**ACTION ITEM**
Here is a listing. Write it all out again exactly, but not its pictures.

**DATA SECTION**
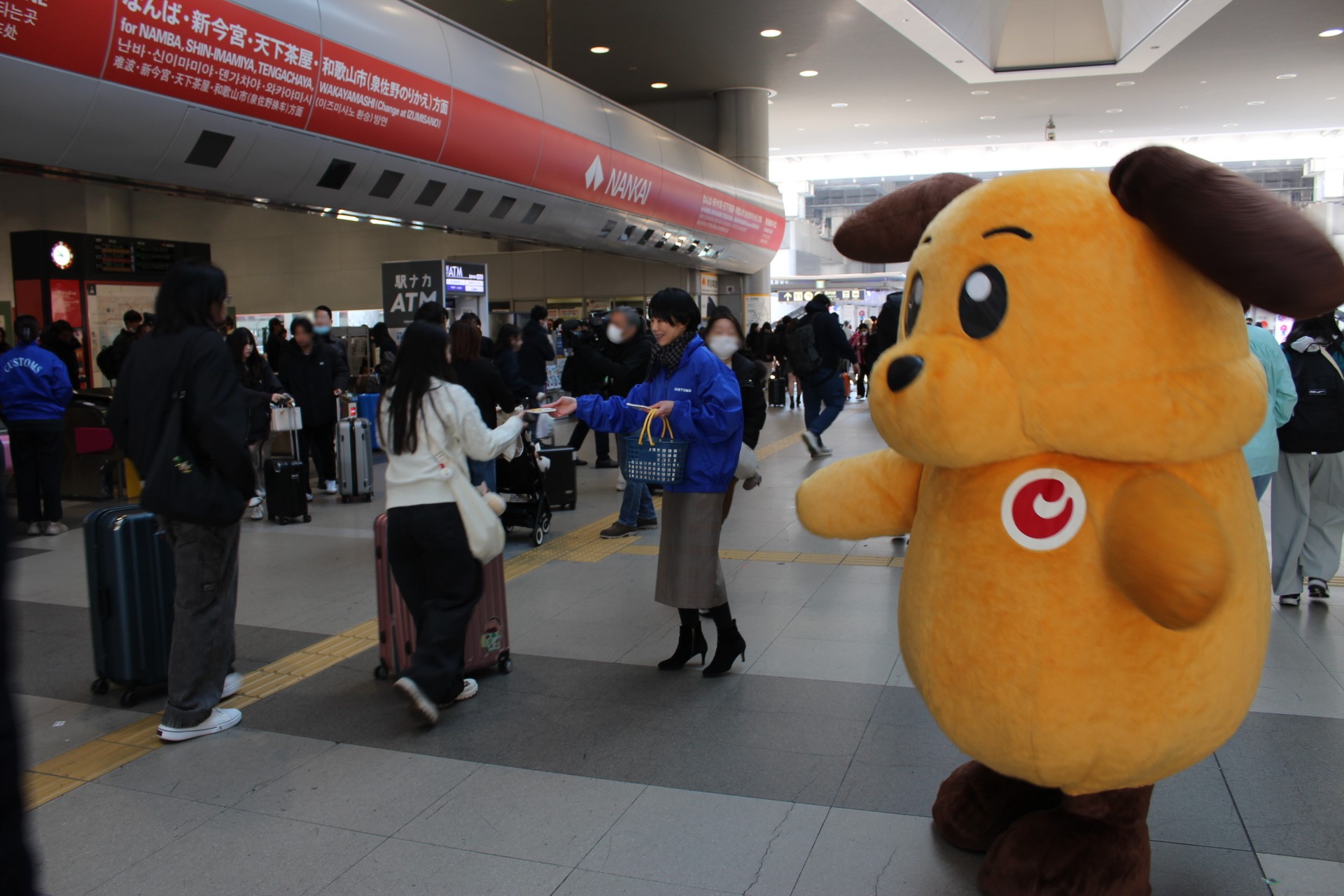 大阪税関は、3月10日(月)、関西空港駅改札前コンコースにて、旅客、送迎者及び関西空港で働く従業員を対象に、3月10日(月)から14日(金)にかけて、知的財産侵害物品の取締りを強化する旨の周知及び税関検査への協力や情報提供を呼び掛けた。
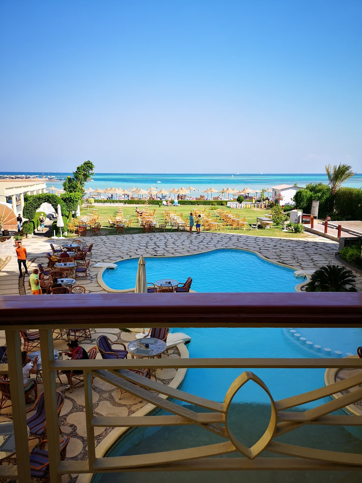 Blick von der Terrasse der Lobby auf den Garten und Strand
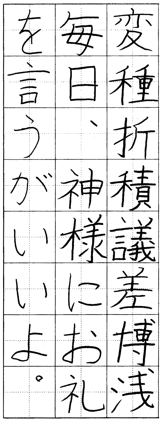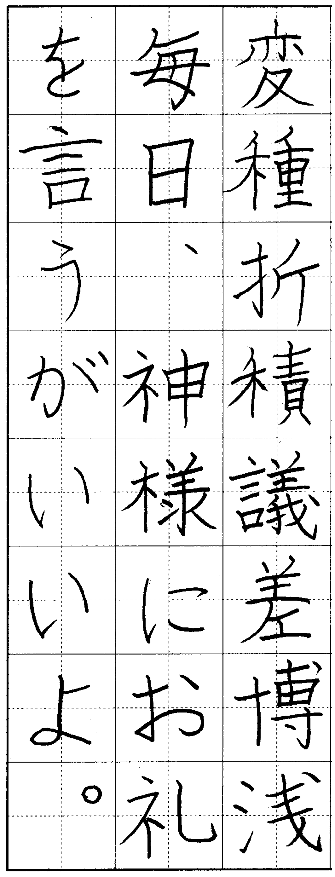 手本を見ようと心掛けていますが、右上がりもっと表現しよう。

**WRITTEN SOLUTION**
 大阪税関は、3月10日(月)、関西空港駅改札前コンコースにて、旅客、送迎者及び関西空港で働く従業員を対象に、3月10日(月)から14日(金)にかけて、知的財産侵害物品の取締りを強化する旨の周知及び税関検査への協力や情報提供を呼び掛けた。
 Blick von der Terrasse der Lobby auf den Garten und Strand
 手本を見ようと心掛けていますが、右上がりもっと表現しよう。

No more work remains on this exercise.